→ Input records
━━━━━━━━━━

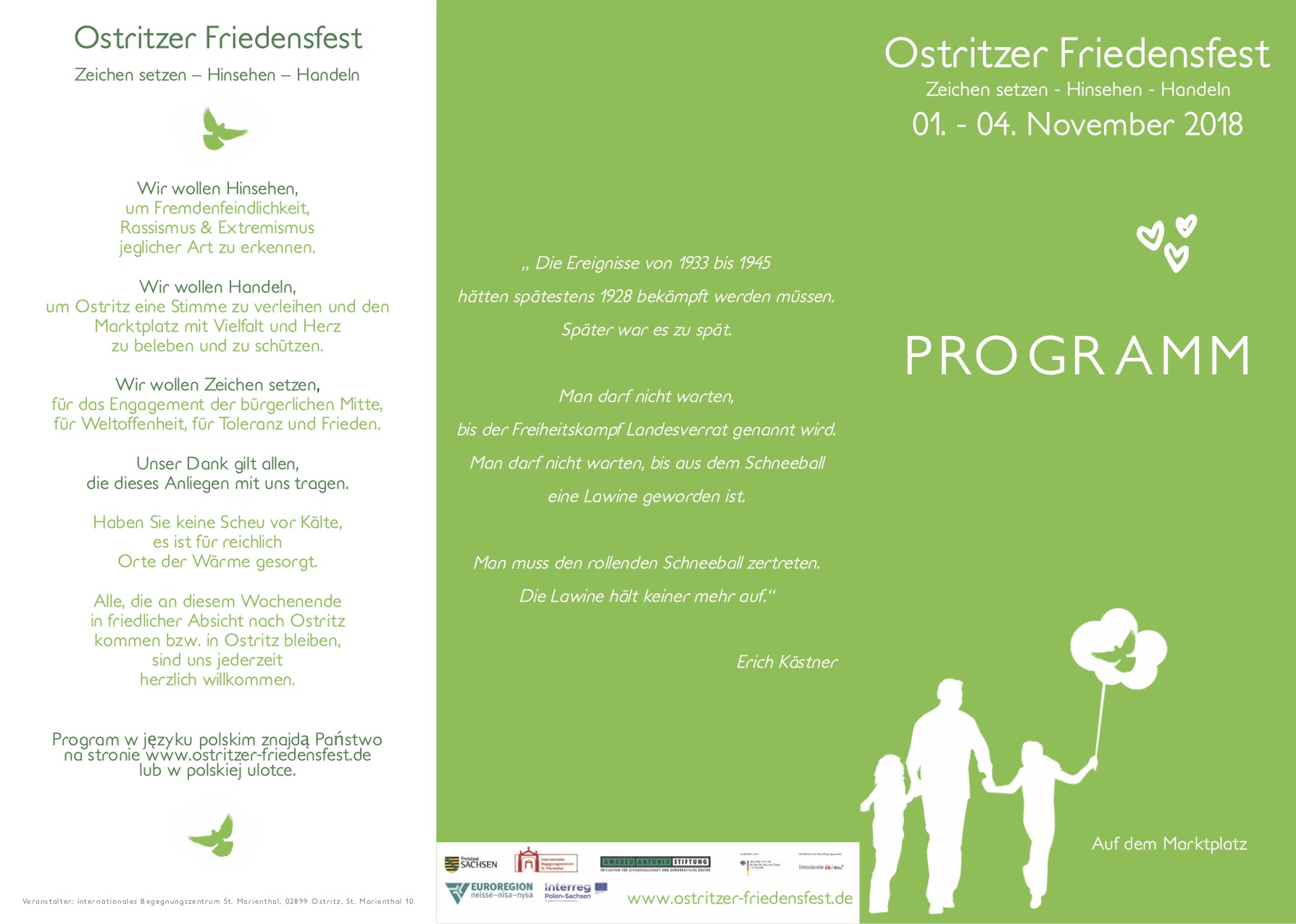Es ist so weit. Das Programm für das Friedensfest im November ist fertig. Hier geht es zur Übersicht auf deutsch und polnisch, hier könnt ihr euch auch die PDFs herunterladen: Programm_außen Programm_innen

━━━━━━━━━━

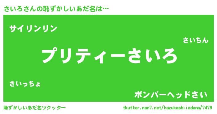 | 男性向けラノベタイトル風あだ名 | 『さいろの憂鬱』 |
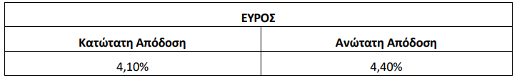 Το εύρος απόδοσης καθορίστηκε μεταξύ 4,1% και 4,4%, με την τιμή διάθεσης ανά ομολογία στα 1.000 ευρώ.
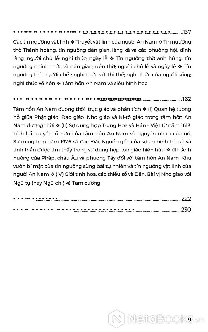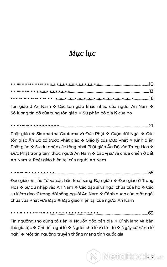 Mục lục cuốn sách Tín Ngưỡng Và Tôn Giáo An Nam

━━━━━━━━━━

→ What you need to do
Beginning at the line that has "Το εύρος απόδοσης" and ending at the line that has "Mục lục cuốn", restate the listing above word for word, pictures left out.

→ Task solution
 Το εύρος απόδοσης καθορίστηκε μεταξύ 4,1% και 4,4%, με την τιμή διάθεσης ανά ομολογία στα 1.000 ευρώ.
 Mục lục cuốn sách Tín Ngưỡng Và Tôn Giáo An Nam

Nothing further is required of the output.